If there is one symbol of history and culture that represents the strength that pride has it is the mirror. Think about it.
How many people, including yourself, do you notice or see primp in front of the mirror?
Last week I was driving up route 3 and I notice a young woman putting makeup on as she drove down the road.
Then there is the Disney classic - Snow White that contains the memorable wicked witch who barks at the mirror, "Mirror, Mirror, on the wall, who’s the fairest one of all?"
When the mirror gives the wrong answer, the witch flies into a fit of rage and Snow White becomes the target of her resentment and pride.
God wants us to grow and be all that we can be in Him. He wants The Church, our church to do the same. Satan knows this and so he will use pride as a way of bringing us down by encouraging us to be self-sufficient instead of humble.
There is a story in the book of Luke, chapter 18:9-14 that illustrates this reality. But, before we read that passage together I want to briefly speak about Satan.

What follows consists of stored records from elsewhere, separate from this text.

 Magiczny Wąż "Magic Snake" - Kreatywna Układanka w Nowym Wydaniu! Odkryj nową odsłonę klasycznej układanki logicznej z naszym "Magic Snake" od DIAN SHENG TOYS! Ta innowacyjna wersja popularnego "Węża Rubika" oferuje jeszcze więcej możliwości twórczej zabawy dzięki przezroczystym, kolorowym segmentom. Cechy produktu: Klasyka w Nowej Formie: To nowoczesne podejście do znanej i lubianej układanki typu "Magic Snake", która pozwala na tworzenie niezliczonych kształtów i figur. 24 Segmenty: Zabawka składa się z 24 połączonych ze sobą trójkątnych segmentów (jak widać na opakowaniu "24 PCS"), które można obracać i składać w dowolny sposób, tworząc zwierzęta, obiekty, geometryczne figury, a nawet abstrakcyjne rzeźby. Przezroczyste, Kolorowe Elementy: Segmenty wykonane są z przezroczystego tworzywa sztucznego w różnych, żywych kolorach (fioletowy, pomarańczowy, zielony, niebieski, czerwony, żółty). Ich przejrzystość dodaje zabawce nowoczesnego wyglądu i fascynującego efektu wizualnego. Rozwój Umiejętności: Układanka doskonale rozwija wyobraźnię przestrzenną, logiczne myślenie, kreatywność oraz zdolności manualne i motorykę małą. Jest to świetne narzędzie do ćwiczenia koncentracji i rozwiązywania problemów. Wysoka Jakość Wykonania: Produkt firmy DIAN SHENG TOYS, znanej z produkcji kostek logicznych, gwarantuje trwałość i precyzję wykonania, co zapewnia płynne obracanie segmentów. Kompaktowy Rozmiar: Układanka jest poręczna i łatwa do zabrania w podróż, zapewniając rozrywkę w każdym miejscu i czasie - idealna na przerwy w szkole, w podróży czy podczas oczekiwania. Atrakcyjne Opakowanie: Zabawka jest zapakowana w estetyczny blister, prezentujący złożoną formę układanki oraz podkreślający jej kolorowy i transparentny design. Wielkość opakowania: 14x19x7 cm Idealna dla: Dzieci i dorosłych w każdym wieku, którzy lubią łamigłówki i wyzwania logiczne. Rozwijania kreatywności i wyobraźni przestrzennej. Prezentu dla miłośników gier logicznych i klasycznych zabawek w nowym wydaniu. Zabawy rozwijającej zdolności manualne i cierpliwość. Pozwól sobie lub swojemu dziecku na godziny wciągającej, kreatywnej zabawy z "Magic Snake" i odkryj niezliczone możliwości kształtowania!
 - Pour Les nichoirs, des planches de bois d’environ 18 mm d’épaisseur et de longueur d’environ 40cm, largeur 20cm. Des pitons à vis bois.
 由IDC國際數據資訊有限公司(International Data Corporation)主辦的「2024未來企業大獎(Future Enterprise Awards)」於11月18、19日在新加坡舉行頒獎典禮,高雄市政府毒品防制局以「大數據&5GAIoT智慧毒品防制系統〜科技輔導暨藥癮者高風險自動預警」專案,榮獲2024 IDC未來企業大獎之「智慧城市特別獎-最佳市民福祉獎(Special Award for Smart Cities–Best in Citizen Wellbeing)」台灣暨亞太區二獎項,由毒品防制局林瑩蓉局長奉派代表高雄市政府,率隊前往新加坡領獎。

There tends to be are two responses to Satan. The one response is to minimize his power and place. The other response is to over state his power and place. The truth is in between.

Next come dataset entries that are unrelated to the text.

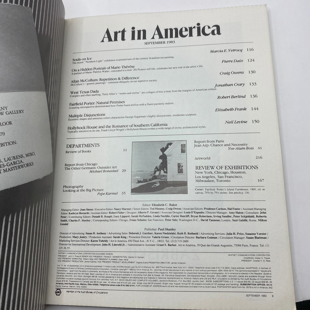Discover a collectible treasure with this Art in America Magazine, September 1983 Edition featuring a captivating cover story on the Island Farmhouse. This vintage magazine provides an insightful look into the world of art during the early 1980s, showcasing significant cultural shifts and artistic movements that define this era.
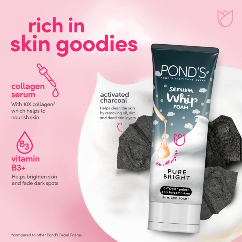 - Pond's Pure Bright Foaming Serum is packed with good things for your skin, like the serum containing 10x more collagen to help nourish the skin as well as Vitamin B3+ to help brighten the skin and fade dark spots.
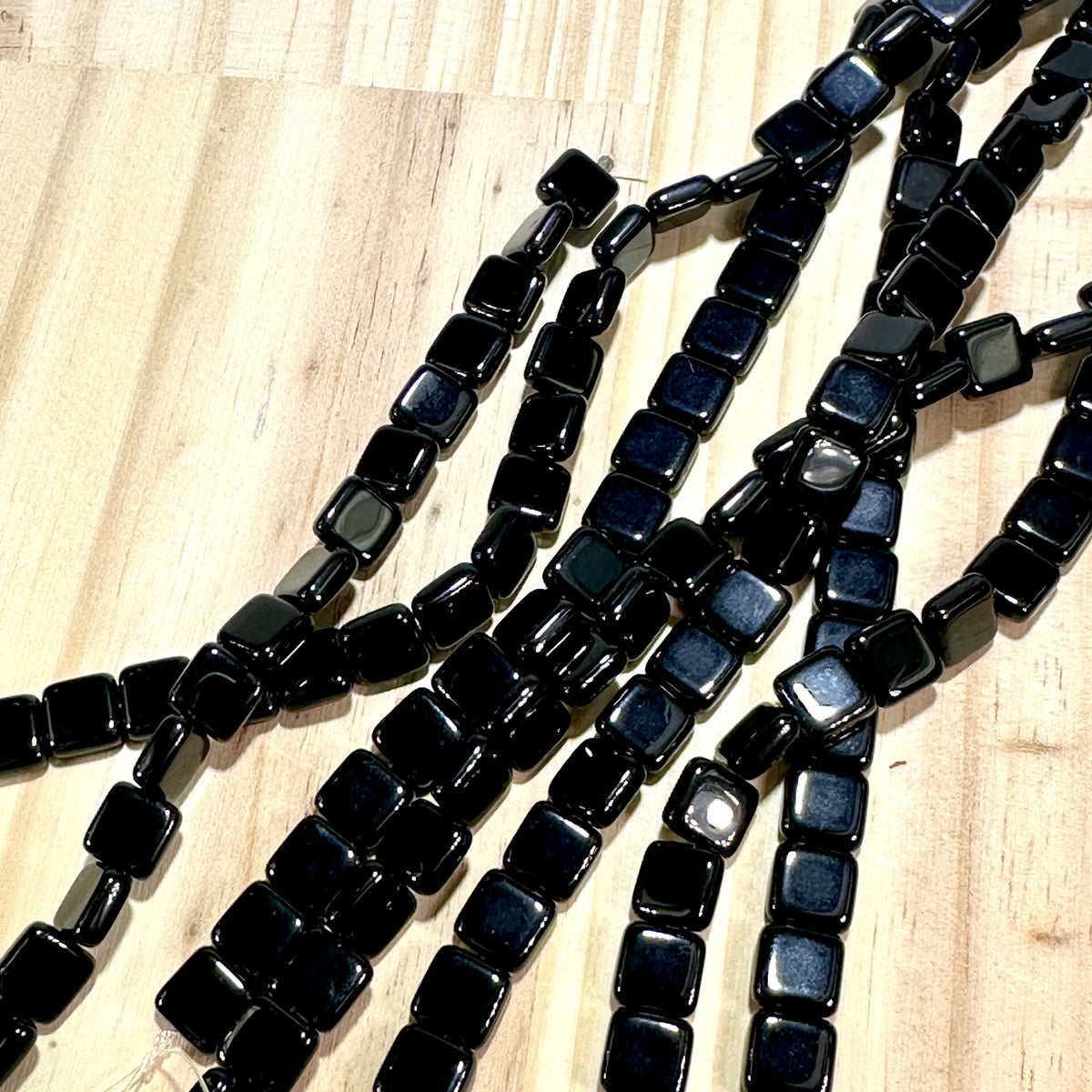 Czech Pressed Druk Flat Square Glass Beads 6x6mm Jet black 27pcs J907
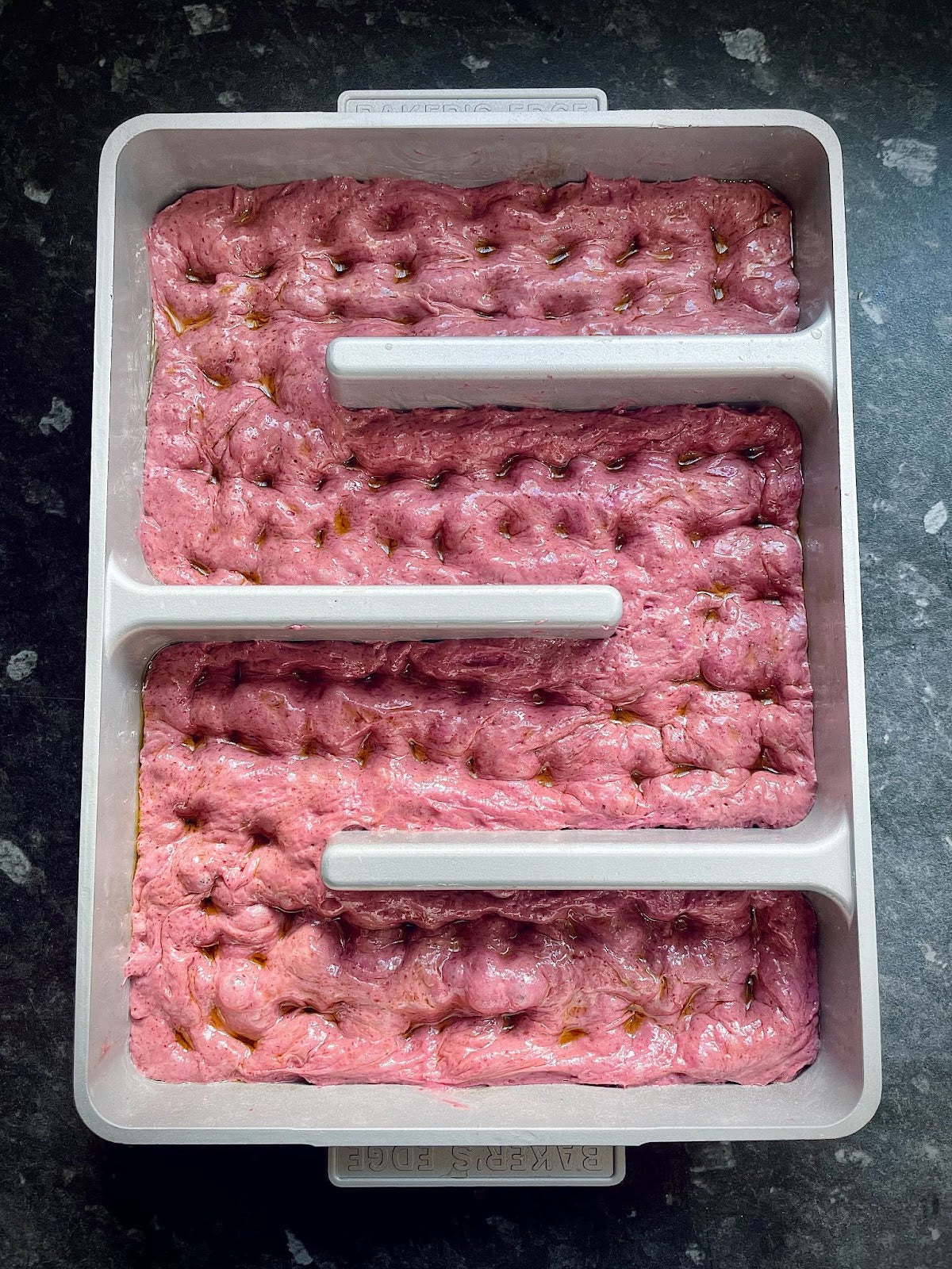 - Makes: 1 x 800g focaccia (I recommend using a 9” x 12” baking dish)
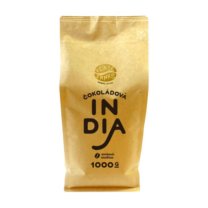 Káva Zlaté Zrnko - India sa vyznačuje kvalitným plným telom s intenzívnym pocitom v ústach. Náznaky horkej čokolády sa prelínajú s tónmi pražených lieskových orieškov. Predĺžená dochuť pripomína vlašské orechy.
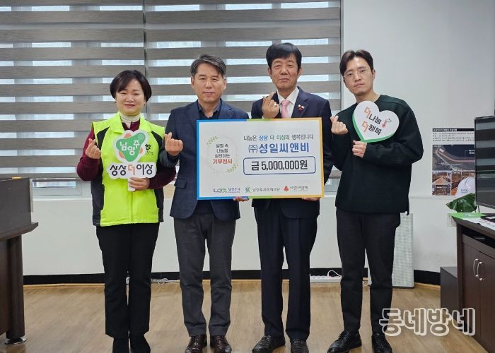 동네방네 김형규 기자 | 남양주시는 지난 23일 오남읍사무소에서 ㈜성일씨앤비가 연말을 맞아 오남읍 취약계층 지원을 위해 후원금 500만 원을 남양주시복지재단에 기부했다고 밝혔다.
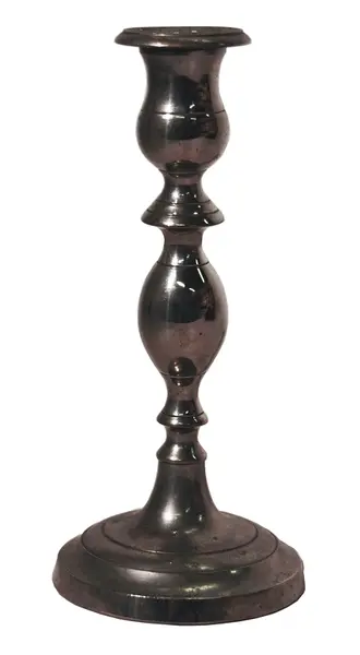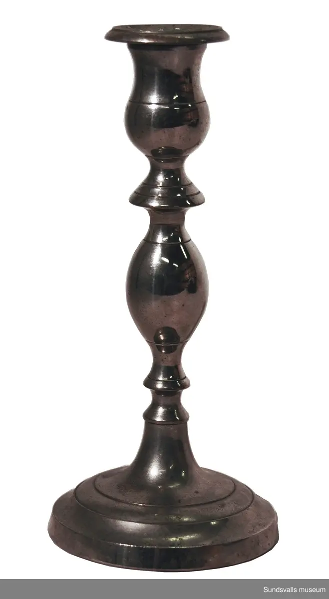 Ljusstake i gul metall, förnicklad. Stämplad i botten: 'N.P.L 20', troligen klockgjutaren Nils Petter Linderberg, Sundsvall.

The one leaves out the reality of the battle of good verses evil. It is going on. It is for real.
The other creates an undue fear that often turns paranoid.
Satan is not as powerful as God. An historic view of Satan is that he is a fallen angel who attempted to overthrow God and failed. And while he does have power, and we must accept that truth, he is not as powerful as God though he has influence in our lives.
Flip Wilson the black comedian who had a variety show in the late 1960’s and early 1970’s, had a phrase spoken by one of his characters that has become a well used phrased, ’the Devil made me do it.’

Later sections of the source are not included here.